Yes. We must have a moments silence and weep into our beers at the passing of this Melbourne Beer Swilling Institution...

And then all get roaringly sozzled when it returns in a new venue in winter 2012 (praying to the beer gods) :beer: 

Hopper.


----------



## barls (27/2/12)

Bettr be back there by anhc


----------



## Wolfy (27/2/12)

Wow, closing for 3 months (or more) to move to a new venue is ... interesting.


----------



## Beer Krout (27/2/12)

HoppingMad said:


> Yes. We must have a moments silence and weep into our beers at the passing of this Melbourne Beer Swilling Institution...
> 
> And then all get roaringly sozzled when it returns in a new venue in winter 2012 (praying to the beer gods) :beer:
> 
> Hopper.



Could be a big one this Wednesday to see the old place off!


----------



## eclessia (27/2/12)

pyrosx said:


> Goddamnit. That's the second bad-timing issue i've had.... i'm in Melbourne next week, and was looking forward to hitting up Biero... just like I was looking forward to touring the mountain goat brewery - but a function is getting in the way of that one too!
> 
> Please tell me Mrs Parma's is going to be open and operating as-per-usual?
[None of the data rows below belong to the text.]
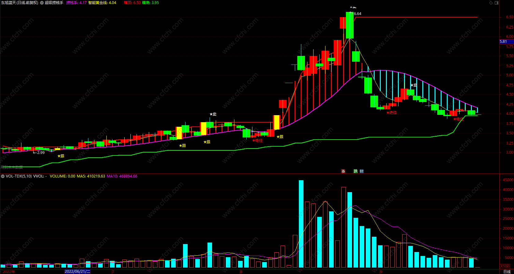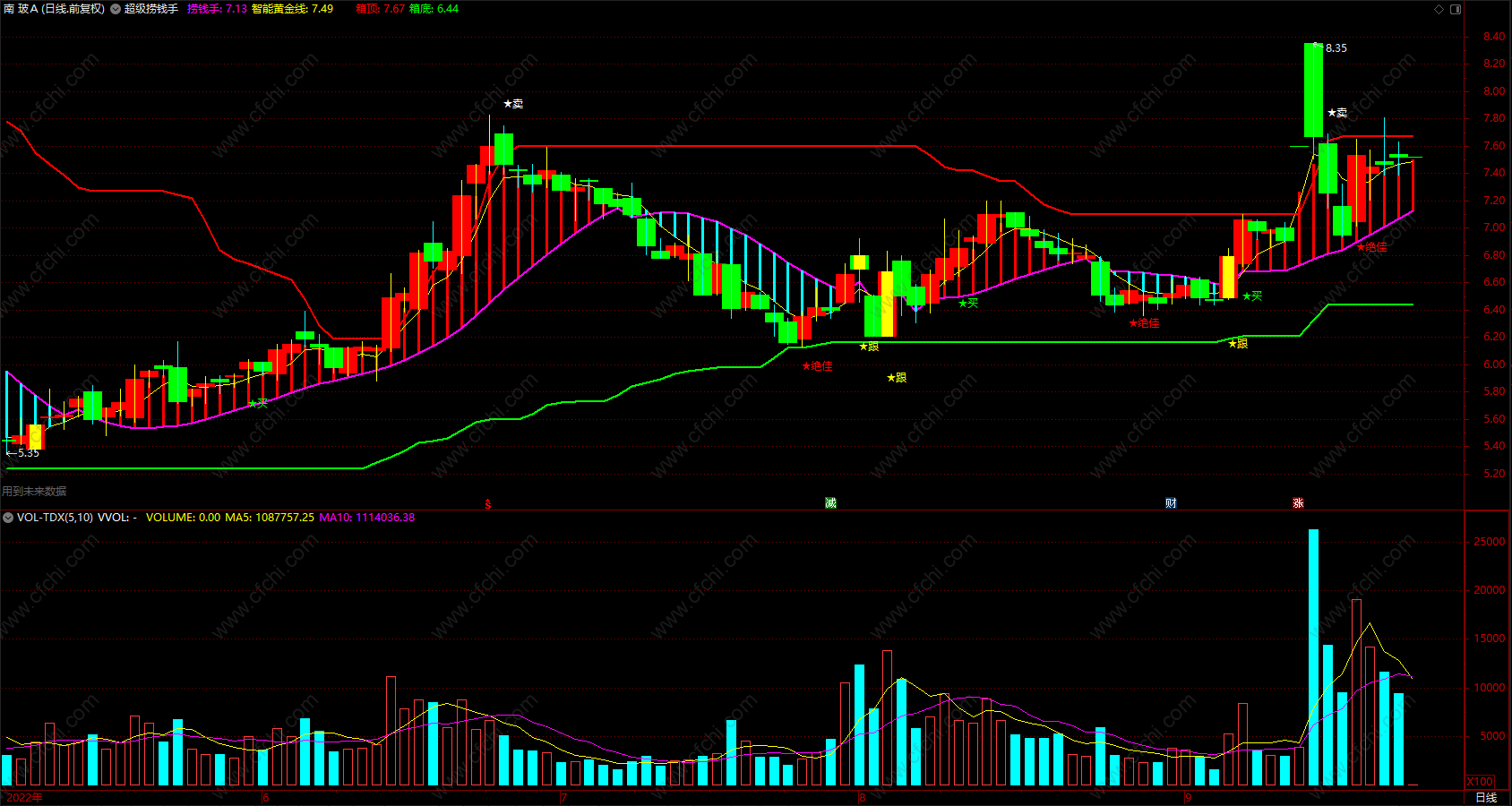 DRAWTEXT(A>B ,箱底,'--短期好'),COLOR00FFFF;
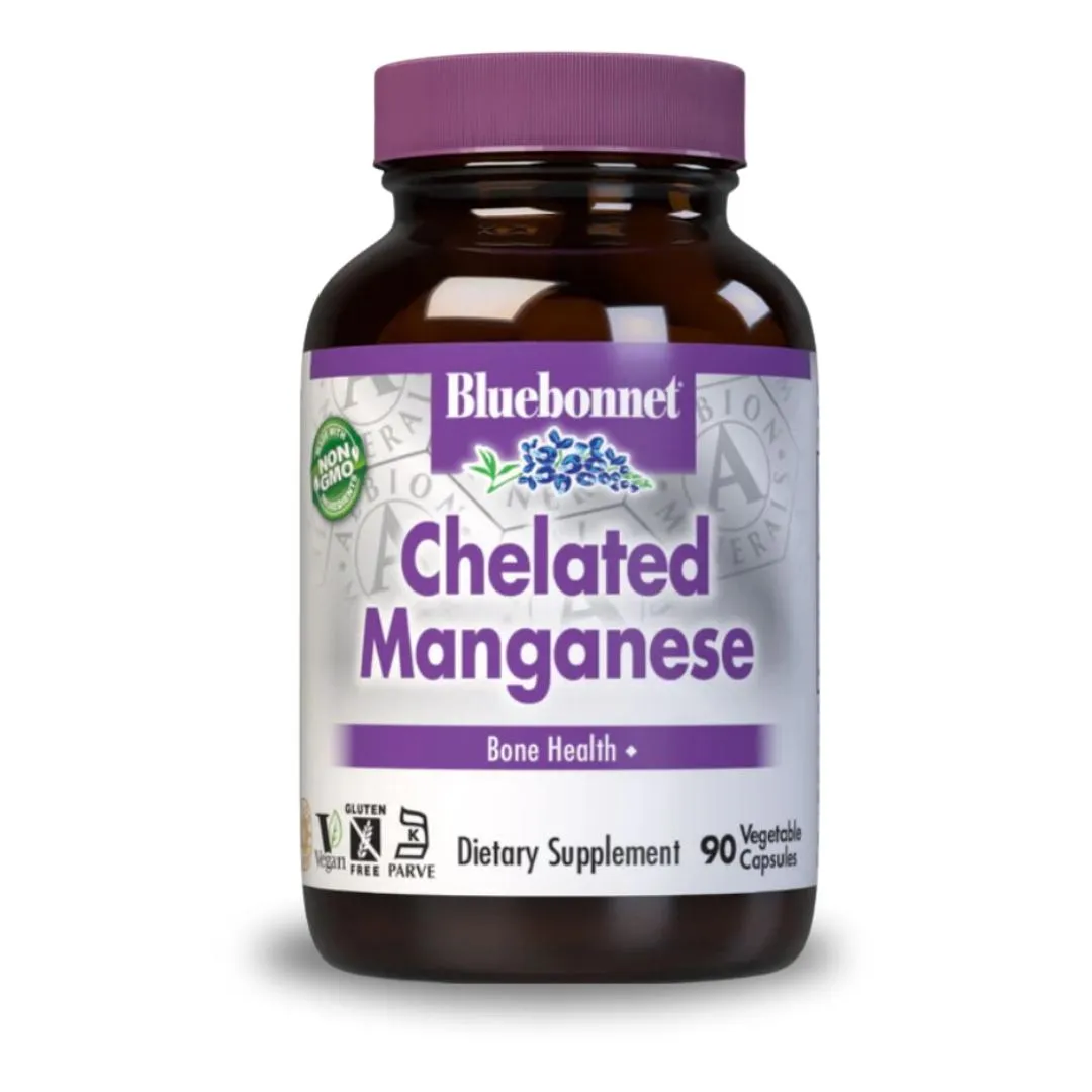 Bluebonnet’s Chelated Manganese Capsules provide 10 mg of manganese from manganese bisglycinate to support bone health.
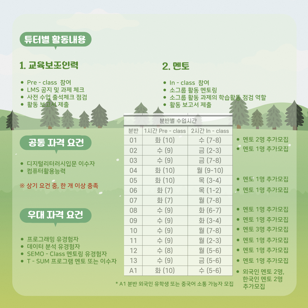 멘토 지원자는 2시간 In-class와 본인의 수업 시간이 중복되지 않아야 합니다.
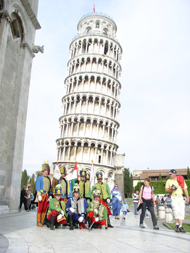 A képen az olasz építészet világhírű építménye, a pisai ferde torony előtt, a 2. évezred legsikeresebb könnyűlovasságának, a magyar huszárságnak a hagyományőrzői láthatóak.
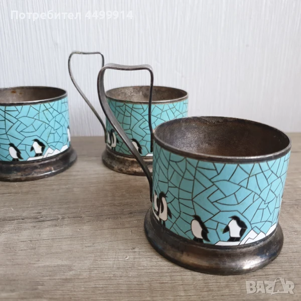 Подстакани за чаши с дизайн на пингвин, СССР, посребрени → Обява 51004397
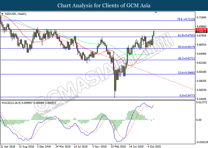 NZDUSD, Weekly: NZDUSD was traded higher while currently testing the resistance level at 0.6915. MACD which illustrated increasing bullish momentum suggest the pair to extend its gains after it successfully breakout above the resistance level.

Check out Josie Bones, Beer Deluxe, Local Taphouse, Royston Hotel, Atticus Finch etc.


----------



## HoppingMad (1/3/12)

eclessia said:


> Check out Josie Bones, Beer Deluxe, Local Taphouse, Royston Hotel, Atticus Finch etc.
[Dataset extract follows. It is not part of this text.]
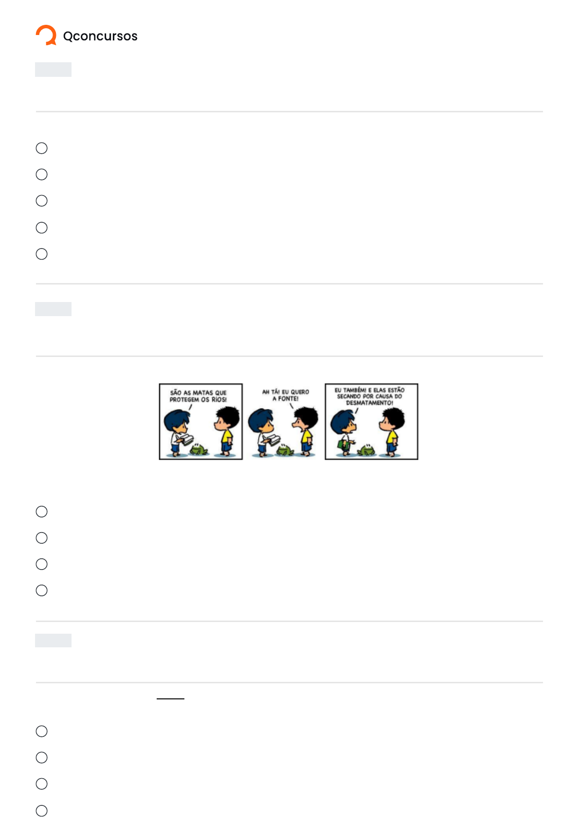 www.qconcursos.com Ano: 2022 Banca: FUNDATEC Órgão: Prefeitura de São José dos Ausentes - RS Assinale a alternativa na qual haja o emprego da linguagem denotativa. A “Você precisa resolver tudo na raça” (l. 04). B “E aí criam-se as panelas” (l. 12). C “são obrigados a pagar um mico” (l. 16-17). D “Os participantes se tornam facilmente irritáveis” (l. 27-28). E “as ‘máscaras vão cair’” (l. 30). Ano: 2022 Banca: IESES Órgão: Prefeitura de Palhoça - SC Para responder à questão, leia a tirinha de Alexandre Beck abaixo. Qual vocábulo da tirinha é utilizado para a construção de uma duplicidade de sentidos? A Rios. B Matas. C Desmatamento. D Fonte. Ano: 2022 Banca: MetroCapital Soluções Órgão: Prefeitura de Nova Odessa - SP “Star Wars é considerado um marco da sétima arte, pois gerou um impacto cultural sem precedentes.” A palavra em destaque foi empregada no excerto, com o intuito de: A Sentido �gurado, ponto de referência. B Sentido �gurado, acontecimento prolongado. C Sentido �gurado, sinal de demarcação. D Sentido literal, metrologia. 1 Q1938727 > Português Interpretação de Textos , Denotação e Conotação Prova: FUNDATEC - 2022 - Prefeitura de São José dos Ausentes - RS - Técnico em Informática 2 Q1936583 > Português Interpretação de Textos , Signi�cação Contextual de Palavras e Expressões. Sinônimos e Antônimos. , Denotação e Conotação Prova: IESES - 2022 - Prefeitura de Palhoça - SC - Professor de Anos Finais - Educação Física 3 Q1935364 > Português Interpretação de Textos , Denotação e Conotação Prova: MetroCapital Soluções - 2022 - Prefeitura de Nova Odessa - SP - Guarda Municipal - Nível III - Masculino/Feminino https://www.qconcursos.com/ https://www.qconcursos.com/questoes-de-concursos/bancas/fundatec https://www.qconcursos.com/questoes-de-concursos/institutos/prefeitura-de-sao-jose-dos-ausentes-rs https://www.qconcursos.com/questoes-de-concursos/bancas/ieses https://www.qconcursos.com/questoes-de-concursos/institutos/prefeitura-de-palhoca-sc https://www.qconcursos.com/questoes-de-concursos/bancas/metrocapital-solucoes https://www.qconcursos.com/questoes-de-concursos/institutos/prefeitura-de-nova-odessa-sp https://www.qconcursos.com/questoes-de-concursos/questoes/44fffdbd-01 https://www.qconcursos.com/questoes-de-concursos/disciplinas/letras-portugues https://www.qconcursos.com/questoes-de-concursos/disciplinas/letras-portugues/interpretacao-de-textos https://www.qconcursos.com/questoes-de-concursos/disciplinas/letras-portugues/denotacao-e-conotacao https://www.qconcursos.com/questoes-de-concursos/provas/fundatec-2022-prefeitura-de-sao-jose-dos-ausentes-rs-tecnico-em-informatica https://www.qconcursos.com/questoes-de-concursos/questoes/779c8a3e-fc https://www.qconcursos.com/questoes-de-concursos/disciplinas/letras-portugues https://www.qconcursos.com/questoes-de-concursos/disciplinas/letras-portugues/interpretacao-de-textos https://www.qconcursos.com/questoes-de-concursos/disciplinas/letras-portugues/significacao-contextual-de-palavras-e-expressoes-sinonimos-e-antonimos https://www.qconcursos.com/questoes-de-concursos/disciplinas/letras-portugues/denotacao-e-conotacao https://www.qconcursos.com/questoes-de-concursos/provas/ieses-2022-prefeitura-de-palhoca-sc-professor-de-anos-finais-educacao-fisica https://www.qconcursos.com/questoes-de-concursos/questoes/31caf30b-fb https://www.qconcursos.com/questoes-de-concursos/disciplinas/letras-portugues https://www.qconcursos.com/questoes-de-concursos/disciplinas/letras-portugues/interpretacao-de-textos https://www.qconcursos.com/questoes-de-concursos/disciplinas/letras-portugues/denotacao-e-conotacao https://www.qconcursos.com/questoes-de-concursos/provas/metrocapital-solucoes-2022-prefeitura-de-nova-odessa-sp-guarda-municipal-nivel-iii-masculino-feminino E Sentido literal, aferência. Ano: 2022 Banca: FGV Órgão: TJ-TO A frase abaixo em que a palavra religião é empregada em sentido �gurado, é: A Fez da obediência ao coronel da fazenda a sua religião; B Todas as religiões parecem-me estar certas em suas a�rmações e erradas em suas negações; C O líder de uma religião não deve só confortar os a�itos, deve também a�igir os confortáveis; D Os que professam alguma religião são mais felizes; E As crianças não devem receber a religião; têm de pegá-la no meio ambiente, como se pega o sarampo. Ano: 2022 Banca: COPESE - UFPI Órgão: Prefeitura de Oeiras - PI Leia o texto a seguir e responda à questão. Por que é tão difícil admitir que estamos errados? A psiquiatria explica 4 Q1934160 > Português Interpretação de Textos , Denotação e Conotação Prova: FGV - 2022 - TJ-TO - Contador - Distribuidor 5 Q1932336 > Português Interpretação de Textos , Denotação e Conotação Provas: COPESE - UFPI - 2022 - Prefeitura de Oeiras - PI - Professor Classe B Nível I - Matemática ... https://www.qconcursos.com/questoes-de-concursos/bancas/fgv https://www.qconcursos.com/questoes-de-concursos/institutos/tj-to https://www.qconcursos.com/questoes-de-concursos/bancas/copese-ufpi https://www.qconcursos.com/questoes-de-concursos/institutos/prefeitura-de-oeiras-pi https://www.qconcursos.com/questoes-de-concursos/questoes/43be94d1-f9 https://www.qconcursos.com/questoes-de-concursos/disciplinas/letras-portugues https://www.qconcursos.com/questoes-de-concursos/disciplinas/letras-portugues/interpretacao-de-textos https://www.qconcursos.com/questoes-de-concursos/disciplinas/letras-portugues/denotacao-e-conotacao https://www.qconcursos.com/questoes-de-concursos/provas/fgv-2022-tj-to-contador-distribuidor https://www.qconcursos.com/questoes-de-concursos/questoes/84e9adc5-f7 https://www.qconcursos.com/questoes-de-concursos/disciplinas/letras-portugues https://www.qconcursos.com/questoes-de-concursos/disciplinas/letras-portugues/interpretacao-de-textos https://www.qconcursos.com/questoes-de-concursos/disciplinas/letras-portugues/denotac

Yep done 'em all. Well the middle three. Yet to do Josie's or Atticus. Popping it on the list. Gotta get over to Temple Brewing too. Word out there is it's freakin' good.

So much craft beer to guzzle. So little time...

Hopper.


----------



## sean_0 (1/3/12)

HoppingMad said:


> Yep done 'em all. Well the middle three. Yet to do Josie's or Atticus. Popping it on the list. Gotta get over to Temple Brewing too. Word out there is it's freakin' good.
> 
> So much craft beer to guzzle. So little time...
> 
> Hopper.



Well you're in luck, atticus and temple are about 200m from each other

- and my house is 500m from both :kooi:


----------



## kcurnow (1/3/12)

sean_0 said:


> Well you're in luck, atticus and temple are about 200m from each other
> 
> - and my house is 500m from both :kooi:



and don't forget to add in the woodlands pub


----------



## Beer Krout (2/4/12)

Beer Krout said:


> Last Drinks this week.
> Beiro Relocating!



Hey Guys

All is not lost.

The Biero name might be gone, but the place has reopened as the Dejavu Bar.
I went there on Saturday night, before the Dons/North game. 
The place is exactly the same. 12 taps of craft brew, 10 beer vaults full of beer.
The fantastic wednesday $6 pint night is still on and the $5 cover charge has been removed.
http://dejavubar.com.au

Talked to the bar guy and he said. The only things changed is the owners.
The sold up and decided to take the name with them. 
Staff, Cook and love of craft beer are all staying the same.

So it's safe to go back!

Cheers
BK


----------



## HoppingMad (3/4/12)

Good to know. $6 Holgate Temptress Pints like last time BeerKrout! Woohoo! :super: 

Hopper.


----------



## DU99 (3/4/12)

Hate sight's that use twitter and facebook..when you need to check for specials


----------